“Was not their mistake once more bred of the life of slavery that they had been living?—a life which was always looking upon everything, except mankind, animate and inanimate—‘nature,’ as people used to call it—as one thing, and mankind as another, it was natural to people thinking in this way, that they should try to make ‘nature’ their slave, since they thought ‘nature’ was something outside them” — William Morris


Saturday, November 3, 2012

Sherryl Vint 4: The Mise-en-Scene of Things to Come (Underground Ecocriticism Keynote 2)

Q&A

Q: The lack of animals? Why?
A: Concern about us, whether we survive. None of them thought through things like other species. Technophilic strain of sci fi. "The human race must continue on forever" etc. Also there is an elegiac imagination. Refugees of environmental damage. Traumatized children and Inuit ice sculptures. Another one, like a fairy tale. Has to do with absence of water. Rabbit in a cage, girl steals her water.

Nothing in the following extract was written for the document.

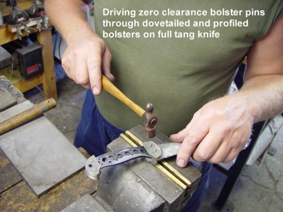 How domed pins are usually made: The blade is drilled (before heat treating) to accommodate the location of the pieces to be pinned and mounted to the knife. The material to be pinned is fitted to the flat of the blade, and the holes for the pin are backdrilled through the holes in the blade and through the material. The material is then sculpted, shaped, carved, and finished. Then the pins are tapped into position, and they may be lightly peened (or not, if the material is delicate) and then a doming tool is used to round over the surface of the pin. Sometimes one pin head is formed first, and the second is formed while the formed one is being supported by a pin anvil. Doming tools are found in the jewelry trade, and they can be high speed steel or carbide carvers and sanding apparatus. Then, the pin is covered with masking tape to protect the handle material from swarf and abrasion, and the domed pin is polished. Because the polishing may affect the carved material, domed pins are often made of softer metals (like brass) that are easy to polish without affecting the material underneath.

Q: Parallel between political ideology and tech? Liberal?
A: Far less in film on natural world associated with future. The liberal sf imagination overcomes human–human relationships. What it has in common with the conservative strain is the transcendence of nature. "We are too primitive."
Q: Battlestar Galactica. We can't trust tech.
A: I do see this as a concern, especially the conclusion. "Human inventions might turn on us." Going back to Earth and jump start civilization at the end of the series.

Q: How much the technoscience relates to the desire for other planets? What about Dune? Natives defending use of native species?
A: The disappointment of Mars. Early SF was a continuation of colonial fiction. Dune is not anti tech. It foregrounds the idea of an ecosystem. There is a lot of tech around that. Living with limited resources. Consistent with Kim Stanley Robinson. Anarcho-primitivism. Palaeolithic living with tech.

Q: Seed banking in many indigenous communities. Language of indigenous knowledge+technoscience. GMO detection packages.
A: The idea that science is the enemy not right. It's a particular kind of science. Indigenous Futures film project, University of Portland. Imagining a future with indigenous people in it. Afro-Futurism.

Q: Global Corporations and capitalism as hyperobjects. [This is not a question by me!] Do those mega corporations in sci fi. Individual finds a crack where they can hide and refuse or change system. "That was the first sin" going back to before pigs (of course we don't want to do that--Tim wrote slyly). Can the hyperobject resist being broken down by that binary?
A: Life Begins at Rewrirement is positive about corporations. Novel The Wind Up Girl.